Following InvenSense's (NYSE:INVN) less-than-stellar earnings report, a number of investors have -- shockingly enough -- been quite negative about the company's business with Samsung (OTC:SSNLF) and Apple (NASDAQ:AAPL), respectively. While it is true that these are large, powerful customers and sales to those customers are generally lower margin than sales to smaller customers, their business is still crucial to InvenSense.

"Low margin" isn't necessarily evil
The major complaint that investors seem to have with respect to InvenSense's Apple and Samsung businesses is that they are relatively "low margin." While it is clearly true that a dollar of revenue from either of the two afoementioned smartphone giants doesn't quite generate as much gross profit as a dollar of revenue from a smaller smartphone vendor, it's important to keep in mind that volume is also a key consideration. 

To help investors understand this, consider the following hypothetical example. Suppose it costs InvenSense $1 to build a six-axis MotionTracking device. Now, suppose that Apple is willing to pay $1.50 per sensor and is committed to buy 15 million of those sensors per quarter. Next, suppose that LG is willing to pay $2 per sensor, but is only willing to buy 2 million of such sensors. 

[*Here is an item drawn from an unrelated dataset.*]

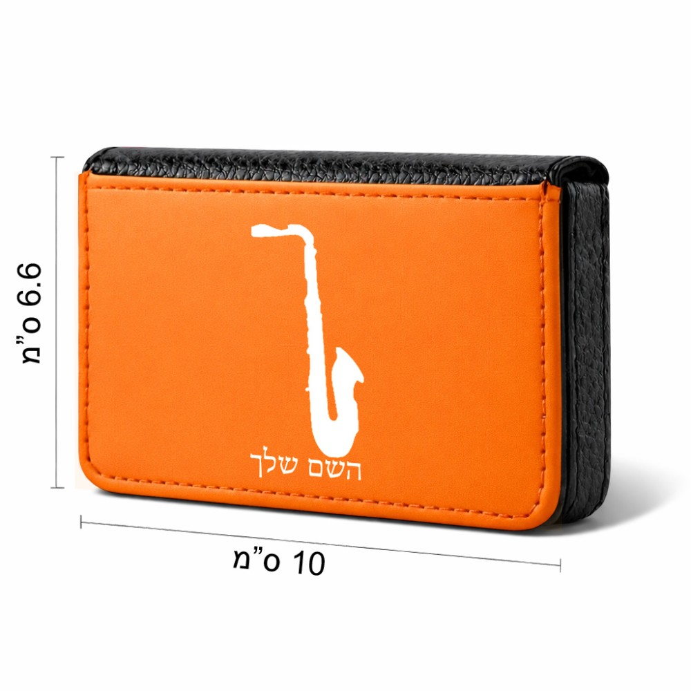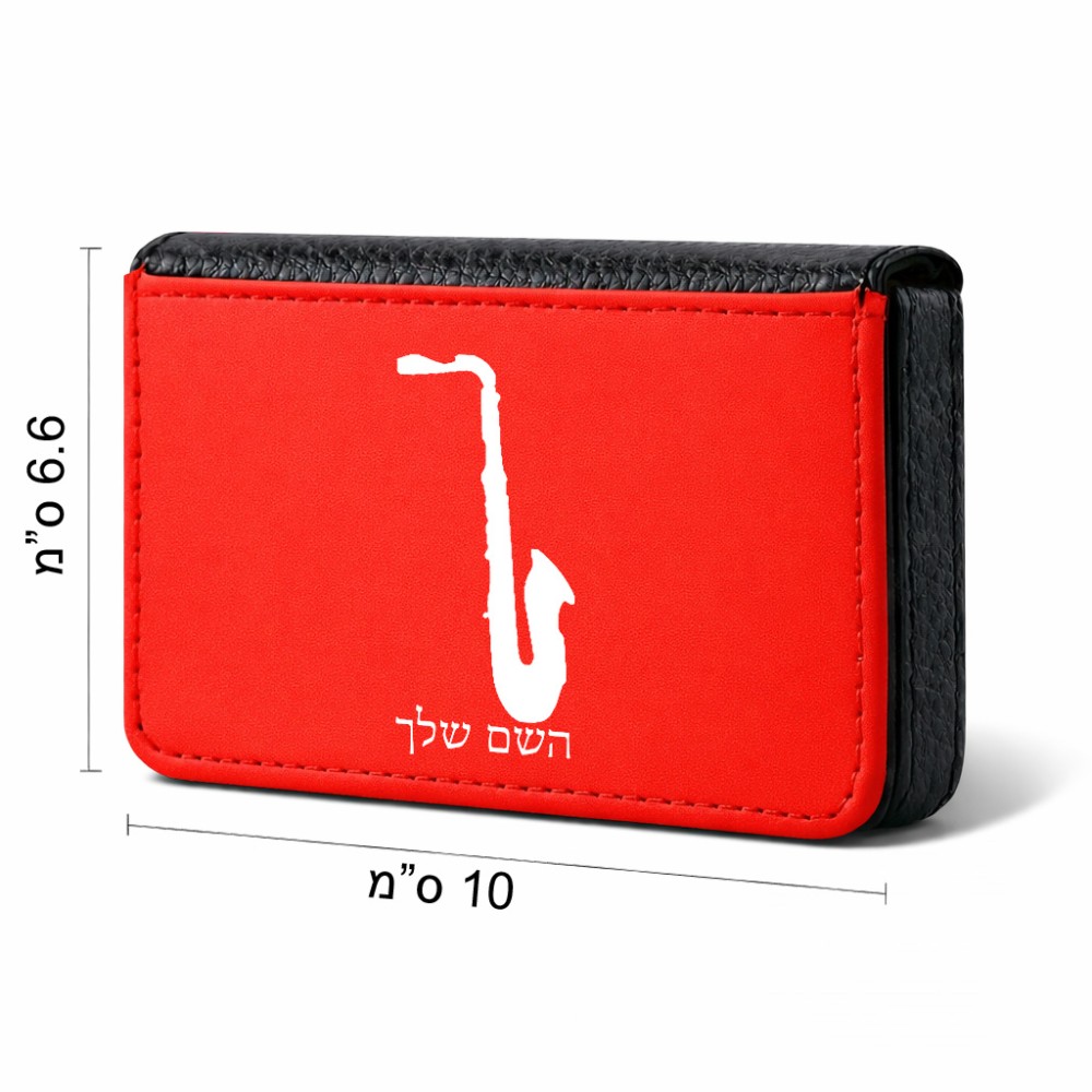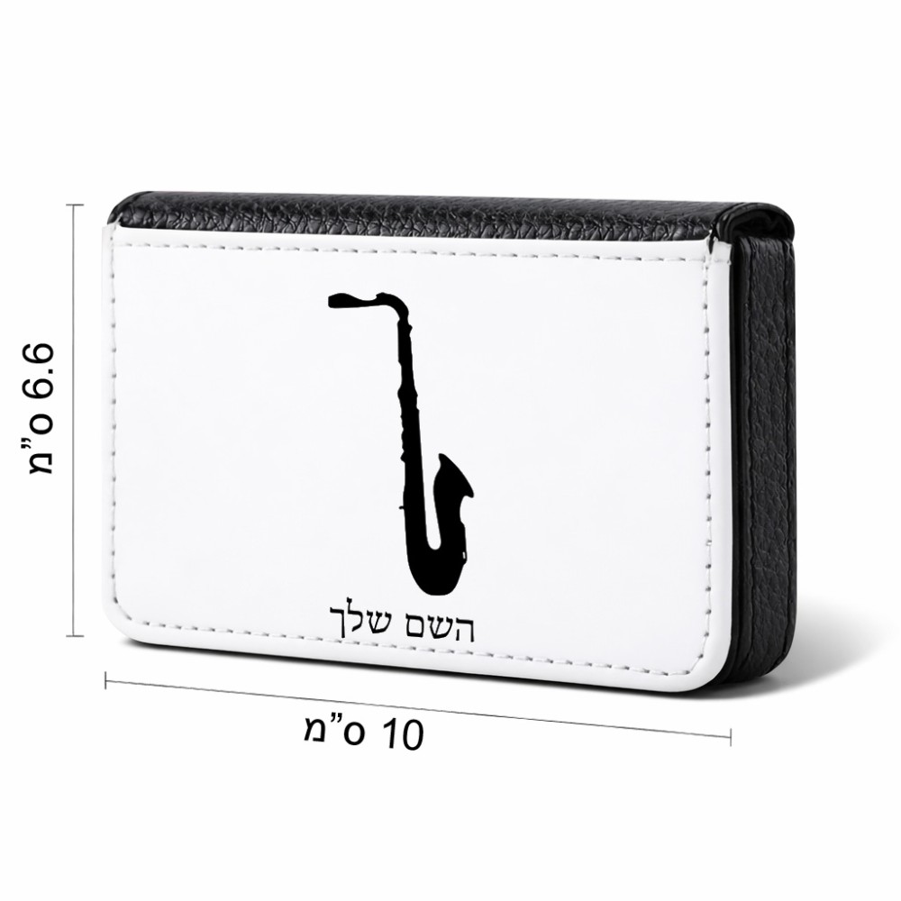 ארנק כרטיסי אשראי בעיצוב אישי עם השם שלך בעיצוב סקסופון גודל גודל ארנק כרטיסי אשראי 10 × 6.6 ס"מ

From a gross margin percentage per unit perspective, the LG business is "higher margin," as InvenSense will keep $1 for every $2 in revenue it collects from LG. With the hypothetical Apple business, it keeps only $0.50 for every $1.50 that it collects from Apple. Does this automatically mean that the "higher margin" business is necessarily better? 


While the hypothetical LG business above is higher margin per unit, it will only generate $1 million in gross profit while the hypothetical Apple business would generate $7.5 million in gross profit. 

What's so bad about the Apple and Samsung businesses, then?
The biggest issue with the Apple and Samsung businesses for InvenSense isn't necessarily their gross margin profiles, but instead the risk profile that they bring with them. Given how large a part of InvenSense's revenue base depends on these two customers, InvenSense is inherently risky. 

Why is it risky? Well, although InvenSense routinely touts technological superiority as how it differentiates, there is always the risk that a customer like Apple or Samsung will want to dual source parts or simply design InvenSense out altogether.

As an extreme example, there was once a chip company known as PortalPlayer. According to a piece published in the EETimes (via Wikipedia), "over 90%" of PortalPlayer's net revenue came from sales of chips into Apple's iPod. According to that same article, PortalPlayer did not win the media processor slot for Apple's "mid-range and high end flash based iPods." 

So, it's not that the Apple and Samsung businesses are bad -- without the revenue from these two behemoths, InvenSense would not have the ability to invest in future technologies -- but that the high dependence on these two customers creates a risk that investors need to be mindful of. 

Will it get better?
There are two dynamics playing out in the smartphone market. The first is that other non-Apple and non-Samsung like Xiaomi, LG, and Lenovo are actually gaining ground, according to research firm IDC, in the overall smartphone market. This opens up more vendors that InvenSense could potentially sell into, which could lower the company's risk profile. 

However, there's another broad trend that runs counter to that. InvenSense has typically done well at the high end of the smartphone market, particularly as it has been able to differentiate with feature-rich products. 

However, with InvenSense having now locked down the high-end phone vendors, and with much of the broader smartphone growth coming from low-end and mid-range phones, InvenSense's ability to compete in the more price-sensitive segments of the smartphone market will be critical to the next "phase" of this growth story.